Подумав, что хуже уж точно не будет писатель, что есть силы, подпрыгнул…


* * *

Неведомая сила во время прыжка подхватила писателя и подбросила к потолку. Оглянувшись назад на какую-то долю секунды, рассмотрел писатель общую целостную картину: собственные похороны, гроб с самим собой внутри да прочая мирская суета атаковали разум писателя. От прозрения язык приклеился к нёбу. Попробовал писатель закричать, набрав, как должно, воздуха в лёгкие, а на деле вышло невзрачное коровье мычание. Затем его затянула появившаяся тут же воронка, да выкинула по другую сторону действительности. Сменив реальность, писатель перво-наперво огляделся. Получилось так, будто там, на похоронах его затянуло в потолок, а тут вывалился бедняга, наоборот, из погреба. Выскочил залихватски, будто клин, вышибаемый клином. Уселся посреди какой-то деревянной избы и опухшие глазки трёт. В себя помаленьку приходит. Огляделся, а сам инеем покрылся от свалившегося горя.

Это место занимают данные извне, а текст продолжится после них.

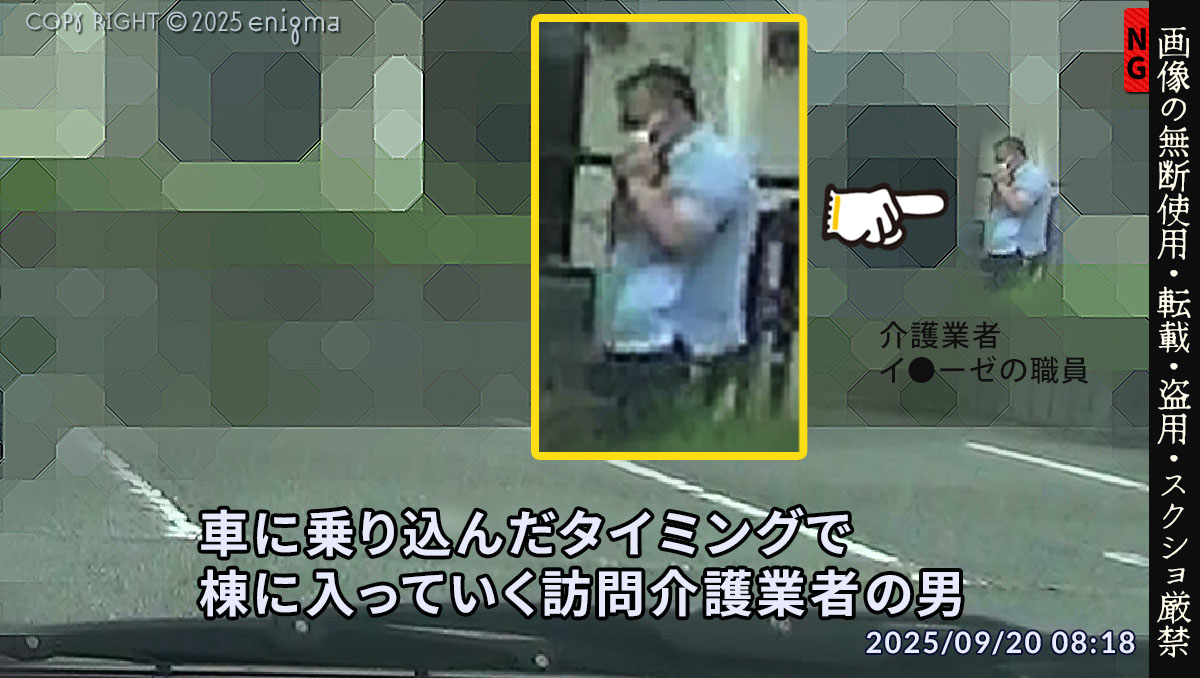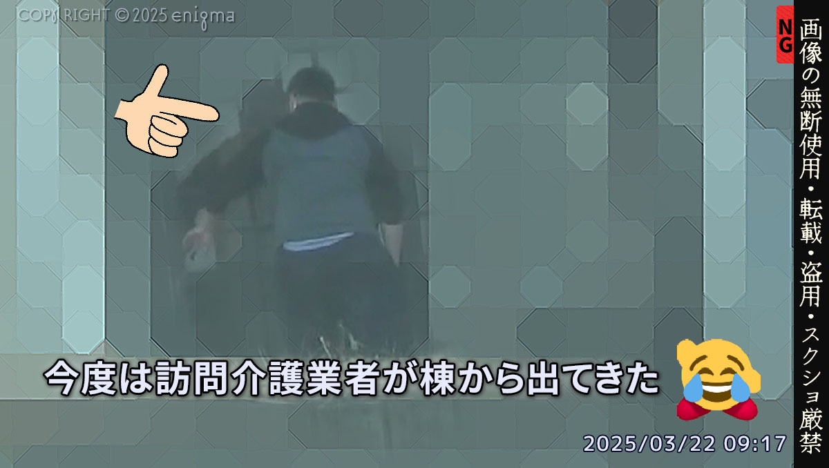 「姿を見せながらの尾行」、「ターゲットと同じタイミングで出入りする」などは、T木を始めとする特定の団地住民や出入りしている介護業者などの行動そのものです。
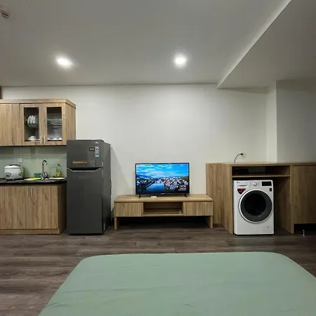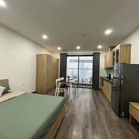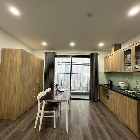 Een ingerichte keuken met een waterkoker, een koelkast en keukengerei is beschikbaar als onderdeel van de zelfvoorzienende voorzieningen van de accommodatie. TTTM BigC Thang Long - Tuyen 145 bushalte is vrij dicht bij 1-slaapkamer Dcapital 1 Bed Apt Near National Convention Center gesitueerd.
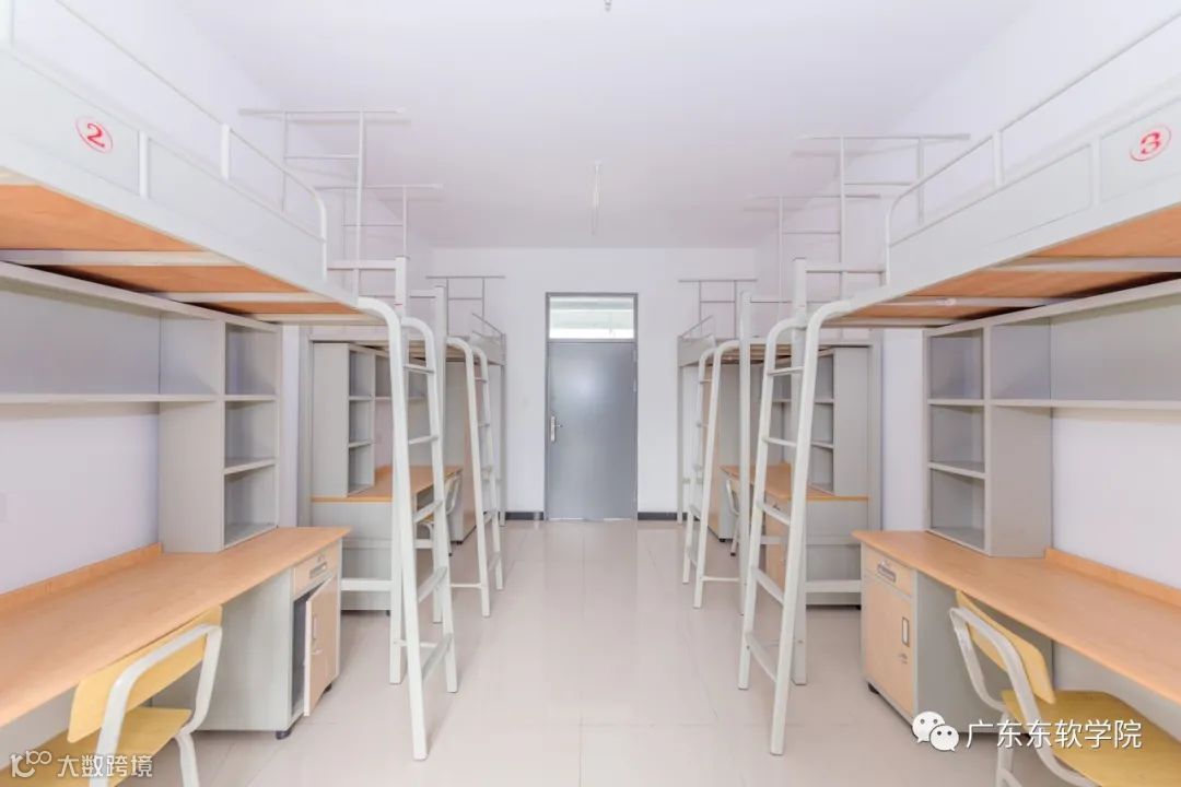 新宿舍大部分为标准四人间,每间宿舍四套上床下桌,床位长2米、宽0.9米。宿舍内部简约灰色+原木色的设计,尽显典雅。
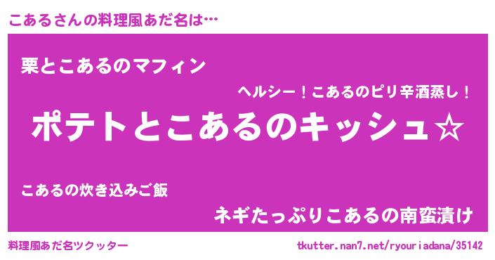 | 女子向けラノベタイトル風あだ名 | 『こあるの卵を拾いまして』『闇のこある』 |
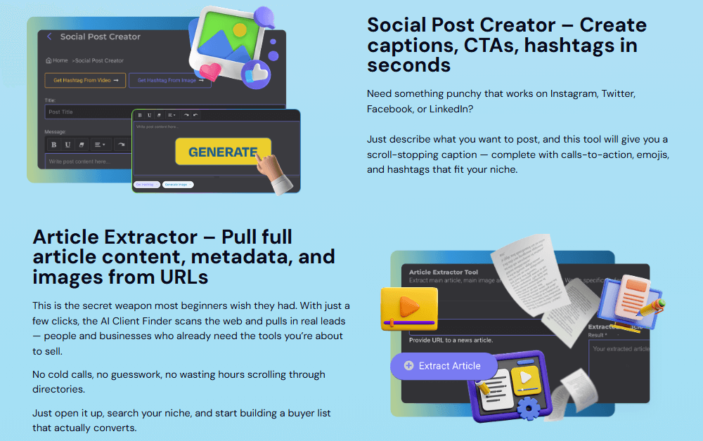 • Freelancers & agencies – Deliver websites, funnels, content, and social kits from one tool.

Изба носила традиционный характер. Деревянный сруб из вековых сосен внутри себя таил множество загадок. Так, в числе прочих, бросалась в глаза огромная русская печь, на которой в данный момент грелась облезлая кошка. Странными были размеры печи, её поддувала и рядом стоящего ухвата. Размерами такими только что пугать, ведь если постараться, то запросто можно самого писателя усадить в чугунок да посолив, поперчив и посыпав сверху тёртым сыром, отправить запекаться. За печкой настораживала остальная домашняя утварь. Точно угораздило писателя приземлиться в логове ведьмы или в сказочной избе на курьих ножках. Присутствовала паутина с огромными пауками в придачу. Различные склянки с мухоморами, жабами и скорпионами внутри. Старобытная узорчатая прялка возле единственного окошка, огромный самовар посреди стола, украшенный бусами из бубликов. Под потолком сушились многочисленные снопы всяких трав и почему-то дремали летучие мыши.

Писатель громко икнул. Сразу же из-под скамьи выскочила хозяйка избы и по совместительству допотопная старуха. Выскочила да не теряя времени, противно защебетала, словно подбитая сорока.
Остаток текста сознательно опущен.